1. Show that \[ E_{n+1}-E_{n}=10p-10(1-p)q^{n}(9-10q), \] and deduce that if \(p=10^{-4},q=10^{-2},\) she should choose \(n=3.\)
2. Show that if \(q\) is larger than some fixed value \(q_{0},\) to be determined explicitly, then whatever the value of \(p,\) she should choose \(n=0.\)

1. \(X_{1},X_{2},\ldots,X_{n}\) are independent identically distributed random variables drawn from a uniform distribution on \([0,1].\) The random variables \(A\) and \(B\) are defined by \[ A=\min(X_{1},\ldots,X_{n}),\qquad B=\max(X_{1},\ldots,X_{n}). \] For any fixed \(k\), such that \(0< k< \frac{1}{2},\) let \[ p_{n}=\mathrm{P}(A\leqslant k\mbox{ and }B\geqslant1-k). \] What happens to \(p_{n}\) as \(n\rightarrow\infty\)? Comment briefly on this result.
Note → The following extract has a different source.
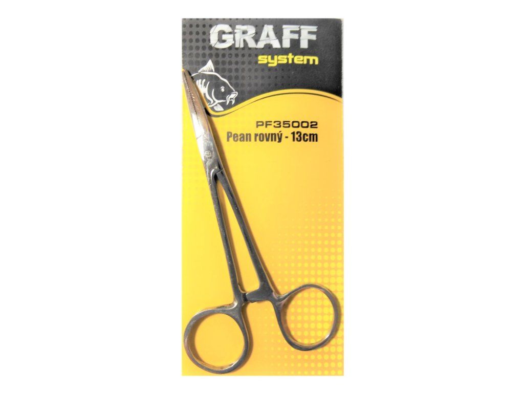 Rybářský pean rovný v různých délkách. Peany jsou určeny pro nesčetné množství úkonů jako odstranění háčků z ryb, cvaknutí olověných broků na vlasec, cvaknutí hrotu na háčku atd.Doplňkové parametry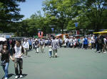 どちらに並ぶかが悩ましいところだが、先生も見たいし、試合もゆっくり見たいので、某先生マニアさんと役割分担し入場行列に並んだが、予想通り、日なたは暑い・・・まぁ、雨よりは遙かにましだが・・・。結局、開場時間は予定より10分早まり、ステージが始まる前に入場することになったが、メタボに鞭打ち、走った甲斐あって、なんとか人工芝の前から2列目?に座席?を確保できた。

2. Lord Copper, the celebrated and imperious newspaper proprietor, has decided to run a lottery in which each of the \(4,000,000\) readers of his newspaper will have an equal probability \(p\) of winning \(\pounds 1,000,000\) and their changes of winning will be independent. He has fixed all the details leaving to you, his subordinate, only the task of choosing \(p\). If nobody wins \(\pounds 1,000,000\), you will be sacked, and if more than two readers win \(\pounds 1,000,000,\) you will also be sacked. Explaining your reasoning, show that however you choose \(p,\) you will have less than a 60\% change of keeping your job.